Because "@" should be used for addressing people ;).
@miguelsan,@tio: Agree with you, one should not even have to call expose for RESTful resources. I would rather prefer to have to tell the controller when *not* to expose or when the model name and controller name do not match. We could have nested resources exposed automatically too, by inspecting the routes.
@Ryan: I am confused about the default behavior of the expose(:comment) in the nested resource example. I understood, that you left it as the default because there was no id param. Would that not have worked too? I mean by delegating to the scope of :comments, which was article.comments, would that not have yielded article.comments.find(param[:id]) ?
Cheers
Robert

I've tried a similar thing (without decent_exposure) and I find it a bit confusing sometimes. For example, when you have an edit action where you can edit any article, and a show action where only certain articles can be accessed.

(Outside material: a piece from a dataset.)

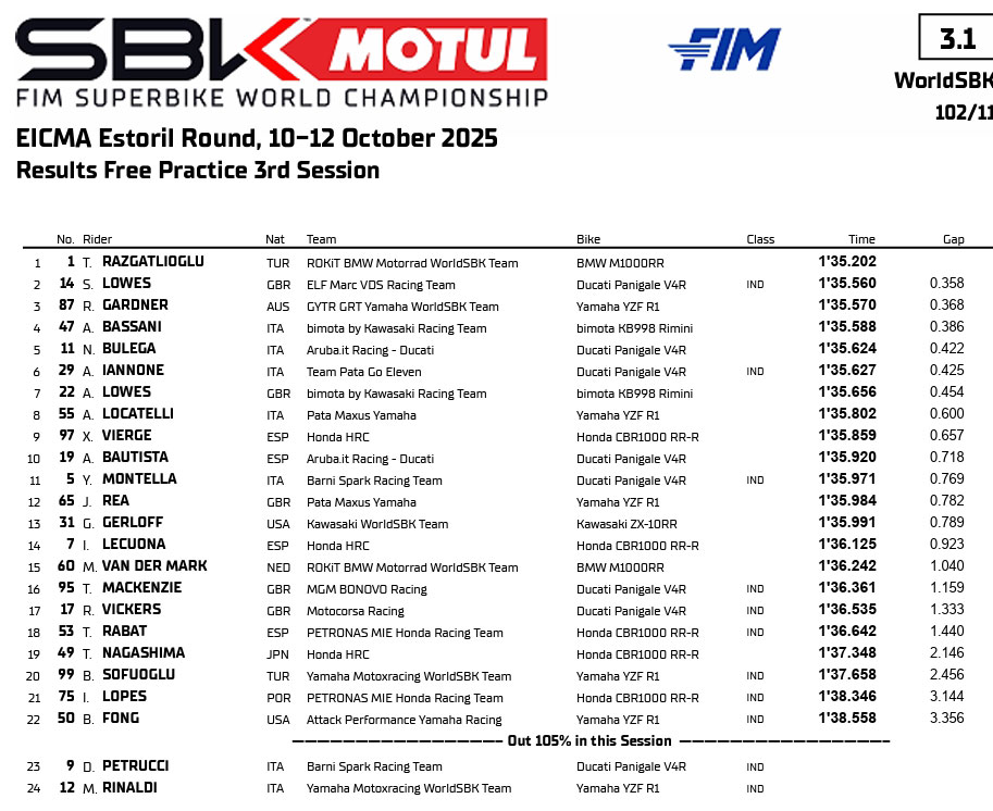 Le poursuivant au championnat du monde (36 points à rattraper sur Toprak) a terminé cinquième, au milieu d’un groupe de six pilotes regroupés en un seul dixième. Le phénomène BMW s’est défié lui-même, avec une série de passages impressionnants. Derrière, la mêlée fait rage : belle séance également pour Axel Bassani et Andrea Iannone, qui ont pris en sandwich Bulega, à la recherche de la clé technique pour relever le défi.

Then you end up calling things like "public_article" in the view (similar to Ryan's example in the cast). That means there's some coupling between the view and the responsibility to decide whether an article can be accessed in a certain action or not.

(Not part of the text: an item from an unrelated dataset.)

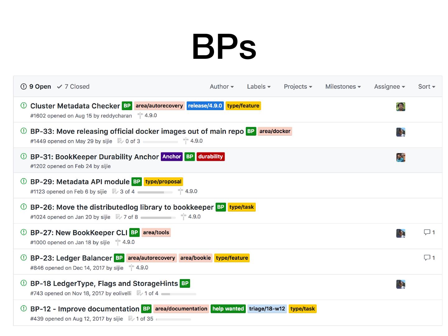 10 . Issue first • https://github.com/apache/bookkeeper • Issue • Question • Feature request • Bug report

So far I'm not used to it and prefer the approach where the view receives an article and doesn't care about where it came from, but I'll give it another try sometime.

The first regression test I ran after changing an existing controller over to using this failed on:

    assert_not_nil assigns(:users)

Since instance variables aren't being set, clearly assigns() will always return nil.

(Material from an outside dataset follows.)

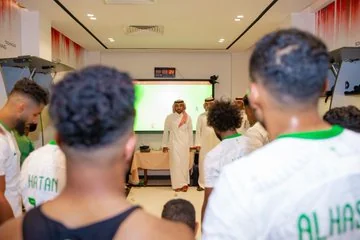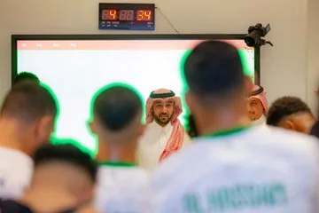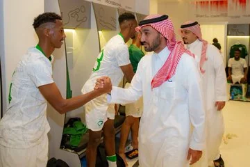 التقى وزير الرياضة الأمير عبدالعزيز بن تركي الفيصل بلاعبي المنتخب السعودي بعد نهاية مواجهتهم أمام المنتخب الكرواتي في آخر وديات الأخضر استعداداً لكأس العالم.

examining 'users.size' in the test returns 0.

Visually examining the response.body, I can see that it is correct. Any ideas for a replacement assert?

To answer my own question, here's one possibility:

    assert @controller.users.size > 0

Not sure if I like it. Actually, pretty sure I don't.

@moabite, we tend to use integration tests for that sort of thing at Hashrocket. Asserting against the content of an instance variable in your tests means you're coupling with a specific part of an implementation. Interrogating the UI for the presence of an expected element (likely the name of a user or users in this case), allows you to only assert things you care about.

@rbates thanks for the coverage! For more background on what motivated me to start using this pattern and subsequently encapsulate it as a gem, check out this post: http://blog.voxdolo.me/a-diatribe-on-maintaining-state.html

For declarative_authorization:

I just tried out the pattern (instead of the gem) to get a feel for it, as you showed in the first half. And I used the load_method option on filter_access_to. It cleaned the controller up beautifully!

Also - if you want your controller specs to pass, I think you need to make those private methods before_filters on your controllers. But, not really understanding action caching, would the before filters negate the benefit of it?

@Stephen Caudill, Thank you for the response.

To make sure I understand, what you are suggesting is that in the functional test to only check the result in general terms, e.g. 'assert_response :success' or 'assert_redirected_to some_path' etc depending on the expected result, and in an integration test look through the response.body for detailed content?

Making controllers downright anorexic.

I'm wondering like @moabite how you adapt your functional tests. I typically test the state of controller instance variables using the assigns method.

@moabite, @tomrossi - I've stopped testing things via assigns entirely and check for the specific things I expect to see in the UI via integration tests (by interrogating request.body using a higher level encapsulation like RSpec/Capybara or Cucumber). For the most part I only use controller tests for unit testing 3rd party API integration or things I can't test via Selenium (like testing around Flash), and don't do any functional testing of my controllers.

@stephen, how do you keep those integration tests from becoming brittle?

@MissingHandle it's a delicate balance, but I find myself doing things like this:

Given the following users:
  | first name | Chucky |
  | last name | Myers |
When I am viewing the user index
Then I should see "Chucky Myers" in the "Users" section

Where 'in the "Users" section' is a way of scoping to a portion of the page (you can see our scoping steps in this gist: https://gist.github.com/894947)... This helps us only couple to the things that we need to see on the page in order to make effective assertions.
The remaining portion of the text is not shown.